Problem requirements: Below are entries. Reproduce exactly the lines between the line holding "C’est la dernière" and the line holding "Celebrate the upcoming", inclusive, and only those.

Data for this exercise:
····················

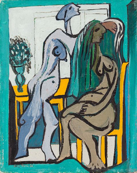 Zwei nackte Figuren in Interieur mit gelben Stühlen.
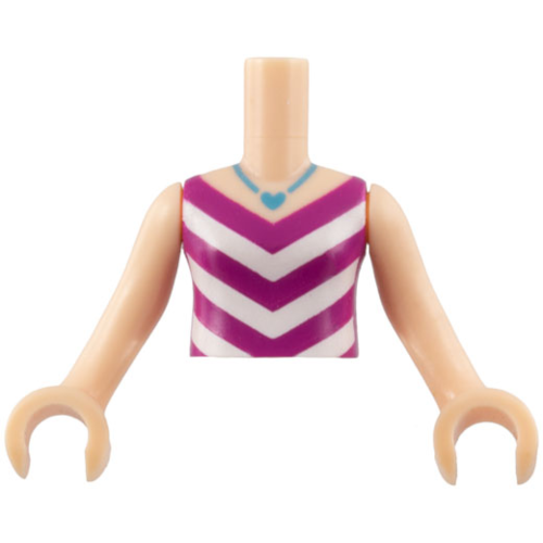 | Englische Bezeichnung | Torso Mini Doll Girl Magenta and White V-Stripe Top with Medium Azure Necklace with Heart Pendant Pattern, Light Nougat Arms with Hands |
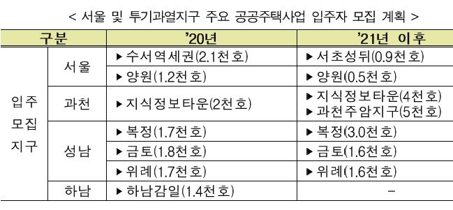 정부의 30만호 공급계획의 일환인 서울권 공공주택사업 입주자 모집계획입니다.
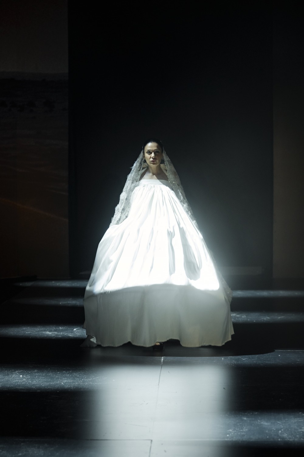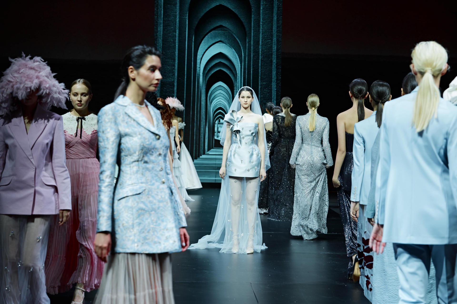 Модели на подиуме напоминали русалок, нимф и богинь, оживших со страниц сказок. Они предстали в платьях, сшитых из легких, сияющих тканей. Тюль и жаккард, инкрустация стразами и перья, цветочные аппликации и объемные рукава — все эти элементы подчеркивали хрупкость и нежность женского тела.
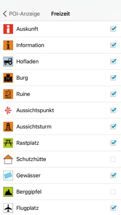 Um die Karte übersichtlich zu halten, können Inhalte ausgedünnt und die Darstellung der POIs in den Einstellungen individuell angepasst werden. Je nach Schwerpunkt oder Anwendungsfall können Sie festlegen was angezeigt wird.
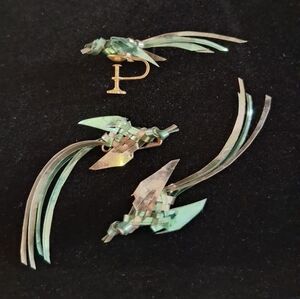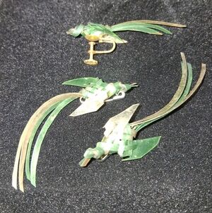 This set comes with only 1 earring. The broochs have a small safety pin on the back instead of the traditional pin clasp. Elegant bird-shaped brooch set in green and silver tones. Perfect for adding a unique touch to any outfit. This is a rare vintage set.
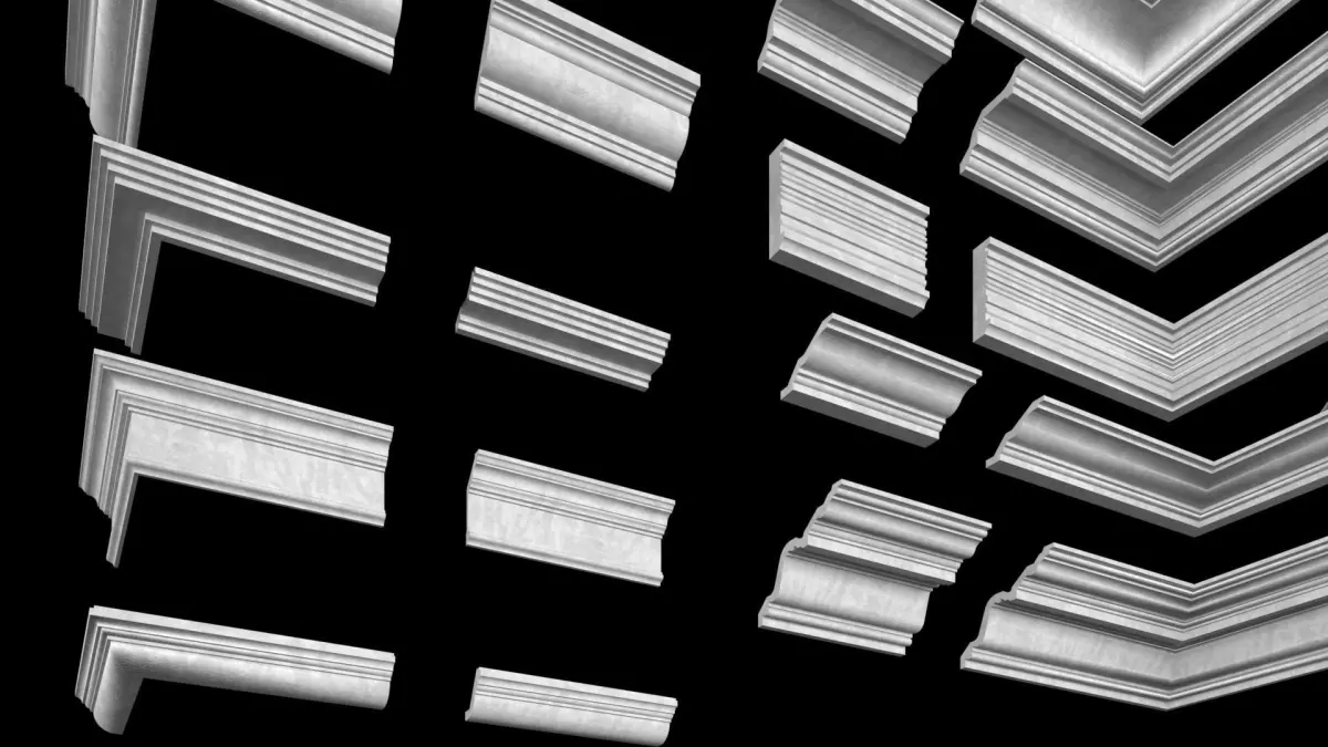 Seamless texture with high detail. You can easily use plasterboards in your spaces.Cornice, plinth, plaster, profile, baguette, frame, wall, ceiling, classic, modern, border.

····················

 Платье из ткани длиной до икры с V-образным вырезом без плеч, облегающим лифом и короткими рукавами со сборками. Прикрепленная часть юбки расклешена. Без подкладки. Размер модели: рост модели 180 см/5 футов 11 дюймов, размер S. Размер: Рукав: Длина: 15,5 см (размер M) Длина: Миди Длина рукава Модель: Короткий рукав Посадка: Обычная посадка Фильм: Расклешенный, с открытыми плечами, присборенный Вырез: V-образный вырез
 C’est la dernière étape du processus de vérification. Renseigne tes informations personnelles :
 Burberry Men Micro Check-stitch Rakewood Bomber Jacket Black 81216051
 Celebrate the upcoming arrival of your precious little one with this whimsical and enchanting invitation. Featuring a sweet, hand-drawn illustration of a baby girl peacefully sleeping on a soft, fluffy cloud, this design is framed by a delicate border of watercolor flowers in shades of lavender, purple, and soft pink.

····················

Your solution:
 C’est la dernière étape du processus de vérification. Renseigne tes informations personnelles :
 Burberry Men Micro Check-stitch Rakewood Bomber Jacket Black 81216051
 Celebrate the upcoming arrival of your precious little one with this whimsical and enchanting invitation. Featuring a sweet, hand-drawn illustration of a baby girl peacefully sleeping on a soft, fluffy cloud, this design is framed by a delicate border of watercolor flowers in shades of lavender, purple, and soft pink.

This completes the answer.